Empirical findings underscore that MAS architecture exerts a greater influence on cost, latency, accuracy, and reproducibility than base model upgrades or tool choices. Richer workflows increase semantic failure rates and may penalize final accuracy unless carefully designed and debugged. End-to-end signal harvesting enables fine-grained triage and reproducible optimization.

Limitations remain: coverage of novel MAS methods is incomplete, and many frameworks lack challenging long-horizon planning benchmarks or comprehensive user studies. Ongoing research targets scaling to larger agent societies, deeper retrieval-augmented models, hierarchical consensus, and benchmark diversification.

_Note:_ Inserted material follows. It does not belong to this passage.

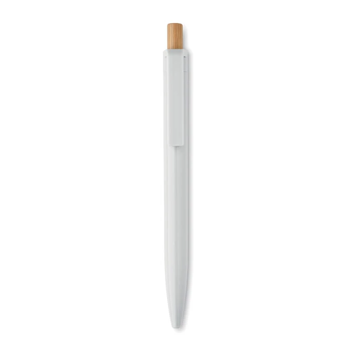 Długopis z bambusowym przyciskiem wykonany z ABS pochodzącego z recyklingu. Niebieski tusz.
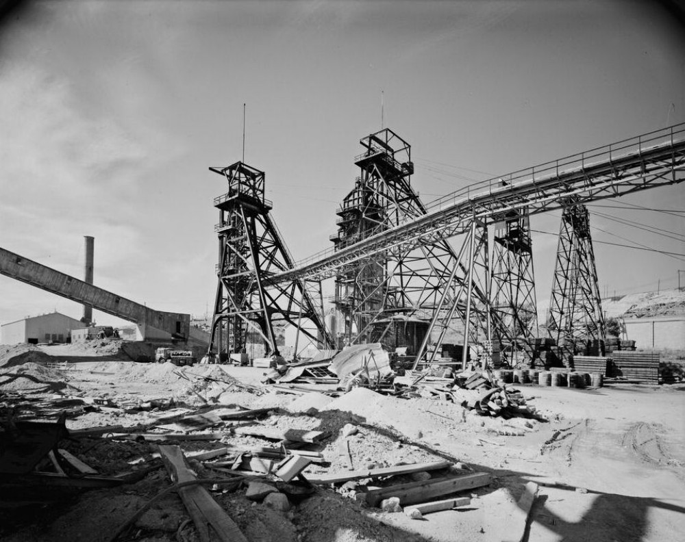 VIEW OF THE KELLEY MINEYARD SHOWING THE TWO HEADFRAMES AND THE OVERHEAD PIPE TRESTLE, LOOKING NORTHWEST

The methodological and empirical rigor enforced by unified environments, dynamic topologies, principled security, and quantitative observability provides a practical and theoretical foundation for designing robust, efficient, and high-performance LLM-based MAS. As new agent classes, benchmarks, security threats, and optimization paradigms emerge, research-centric codebases (MASLab, MAESTRO) and advanced frameworks (AMAS, DynaSwarm, Optima) will continue to track, validate, and extend the collective intelligence frontier of LLM-based multi-agent systems.